構造上、同じOSを使用するのであれば、一定品質水準を確保できる端末をもっとも安く製造できる業者が市場支配するようになっていくだろうことは明らかですから、スマートフォンでこの動きがいずれ起こるだろうと考えていましたが、足元ではUS記事でこの兆候が見え始めているという状況だと思います。

タブレットの話に戻りますが、このアマゾンの動きは、GoogleとAndroidを使用したタブレット端末製造業者にとっては、ある意味死活問題であって、アマゾンが成功すればするほど、Googleのタブレット構想が崩壊するリスクが高まります。最新のOSを開発しても、その最新のOSがのったタブレットは売れず、型落ちとなったオープンの古いOSベースでアマゾンがタブレット商売を行い、GoogleがOS開発を頑張れば頑張るほど、アマゾンに広告収入、アプリ収入、音楽収入、電子書籍収入を持っていかれてなすすべなしとすれば、OSのタブレット対応を頑張っていくインセンティブがGoogleから失われるはずです。

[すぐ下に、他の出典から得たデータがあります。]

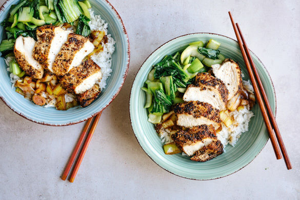 Das Fleisch in Tranchen schneiden und mit dem Lauch und dem Pak Choi auf dem Kokosreis anrichten. Nach Belieben mit mehr Pfeffer würzen und servieren.

順当に考えれば、この方向に物事が進むとすると、いずれアマゾンはタブレット用の独自OSでタブレットを開発することが必要になると思います。そこまで考えているからこそ、アマゾンは今、HPが捨てたPalmOSを拾うことを検討しているのだろうと思います。

タブレット市場も、あいかわらず将来予測したくなる面白い足元の展開です。

ところで、日本のスマートフォン市場ですが、ドコモはどこでギブアップするのでしょうか。